Yaratılan her varlığın bir gayesi, bir hedefi vardır. 
Mevcudiyeti bir misyonun icrası içindir. İnsanoğlu aklıyla, vicdanıyla, merhametiyle ve başkaca birçok özellikleriyle diğer yaratılanlardan farklıdır.
“O”nun misyonu, çok daha geniştir, kapsayıcıdır. 
Canlı ve cansız tüm varlıklara karşı sorumlulukları vardır. 
Öyleyse bütün eylemlerimiz, çabalarımız, niyetlerimiz bu misyonumuza, yaratılış gayemize uygun olmalıdır.
İnsan olarak büyük bir lütufla gözlerimizi açtığımız bu dünyada, ağlamak ve gülmek arasında binlerce halden hale giriyoruz. 
Seviniyoruz, üzülüyoruz, endişeleniyoruz, korkuyoruz, öfkeleniyoruz, mutluluktan uçuyoruz… 
Halep’te patlayan bir bombayla yıkılan bir binanın enkazının altında parlayan canlı bir çift göz gördüğümüzde üzüntüyle, sevinci aynı anda yaşıyoruz. 
Bir yanda harap olan bir şehir, bir yanda her şeye rağmen hayata tutunan bir insan.
Bir yandan, Mardin’in Derik ilçesinde yapılan alçakça saldırı sonucu şehit olan Kaymakamımızın, görev aşkıyla, yiğitliğiyle gurur duyuyoruz, aynı zamanda hainlere karşı bir öfke patlaması yaşıyoruz. 
Biz bu dünyanın insanıyız, bu dünyadan alıyoruz bütün bu duygu, düşünce ve sermayemizi.
Mesele bu kadar gelgitlerin yaşandığı bu dünyada her şeye rağmen insan olabilmek, insan kalabilmek. 
Bir yaraya merhem olabilmek. 
Yaratılış gayemize uygun olarak bir yaşam sürebilmek. 
Bu da vicdanlı olmaktan geçer. 
Vicdanla bağını koparıp atmış bir kalp, ne yaşam belirtisi, nede insan olma kaygısı taşır. 
Çok iyi bir siyasetçi, çok iyi bir bürokrat, çok büyük bir zengin olan ama çok az hisseden biri, insan olma melekelerini kaybetmeye başlamış demektir.

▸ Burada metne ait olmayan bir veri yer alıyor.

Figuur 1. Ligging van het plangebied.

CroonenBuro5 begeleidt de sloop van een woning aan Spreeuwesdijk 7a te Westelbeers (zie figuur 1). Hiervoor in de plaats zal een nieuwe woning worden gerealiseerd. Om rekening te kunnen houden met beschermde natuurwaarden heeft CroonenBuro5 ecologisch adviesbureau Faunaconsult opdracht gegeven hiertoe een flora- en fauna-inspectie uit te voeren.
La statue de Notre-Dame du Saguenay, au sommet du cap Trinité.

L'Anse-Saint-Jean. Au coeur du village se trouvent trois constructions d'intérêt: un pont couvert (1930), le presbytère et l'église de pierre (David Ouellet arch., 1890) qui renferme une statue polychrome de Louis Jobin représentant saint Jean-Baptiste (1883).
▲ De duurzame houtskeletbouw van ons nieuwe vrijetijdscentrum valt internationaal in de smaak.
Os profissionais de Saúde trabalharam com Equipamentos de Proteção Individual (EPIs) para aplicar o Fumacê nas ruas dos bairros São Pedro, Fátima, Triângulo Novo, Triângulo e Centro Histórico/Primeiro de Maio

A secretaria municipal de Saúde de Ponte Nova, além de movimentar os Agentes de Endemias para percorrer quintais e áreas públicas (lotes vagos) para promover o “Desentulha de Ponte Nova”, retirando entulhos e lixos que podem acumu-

Bu misyonu taşımak demek kanadı kırık bir kuşa kanat olabilmek demek. 
Onu yerden iki elimizle kavrayıp incitmeden kalbimizin hizasına kaldırıp, bir tabibe ulaştırmak demek. 
Yaratılan bütün canlı ve cansız varlıkların bir misyonla görevlendirildiğini bilir. 

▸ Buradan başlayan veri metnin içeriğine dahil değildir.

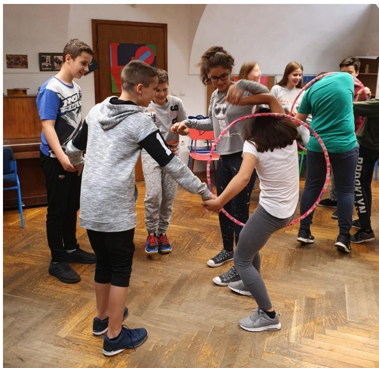
Slika 33. Provlačenje kroz hula-hoop u timovima

Treća aktivnost ("Hula-hoop,,) bila je aktivnost provlačenja kroz hula-hoop. Učenicima sam detaljno objasnila pravila, a zatim podijelila obruče. Svi osim jednog tima su lijepo surađivali. U navedenom timu je bila učenica koju drugi odbacuju. Kada sam im rekla da se uhvate za ruke oni to nisu htjeli napraviti jer ju nitko nije htio uhvatiti za ruku. Iako sam njihovoj grupi posebno objasnila pravila oni ih i dalje nisu poštovali. Unatoč tome, ostali timovi su lijepo surađivali, a jedan je tim nakon osvojenog boda proslavio tako što su si svi dali peticu. Učenike sam pitala žele li ponoviti aktivnost na što su mi vrlo jasno odgovorili da ne žele.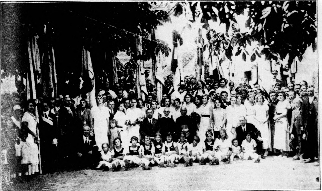
Kép a devecseri római katolikus legényegylet huszonöt eszten dős jubileumi ünnepségéről.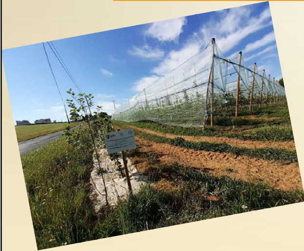
Haies anti-dérive (protection + préservation de la biodiversité) ⇒ 40 km plantés à ce jour

Bu misyonun hizmetçisi olmaya talip olur.
Ağlayan göze mendil, görmeyen göze “fer “ olabilmek demek. 
Gözyaşlarını silip, karanlık dünyasına ışık olmak demek. 
Umut olmak, onun derdiyle dertlenip, yarınlara daha güvenli tutunmasını sağlamak demek.
Uçurumun kenarında güvenle tutulacak bir el, yolunu kaybedenlere rehber, dalgalardan kaçanları kucaklayacak bir liman olmak demek. Yaşatmak temel gayesidir. 
Dünyanın her köşesinden zalimlerin zulmünden kaçanlara adaletiyle merhametiyle gönlünü açan demek. 
Suriye’de, Irak’ta, Bosna’da nerde bir mazlum görse, onlara kol ve kanat olur. 
Aman yav, bana ne demez.
Etrafımızda yurdu yuvası dağılan insanlara bir ev, sokaklarda aç susuz gezen canlılara bir ekmek, sevdiklerinden haber alamayanlara bir telefon, savaşı bitirecek barış, ağlayan anaların yüreklerine merhem olabilmek demek. 
Kin ve haset tohumlarını yüreklerden söküp atan, yerine sevgi ve kardeşliği yerleştiren bir cerrah olabilmek demek. 
İnsan olmak demek, bir yaraya merhem olmak demek.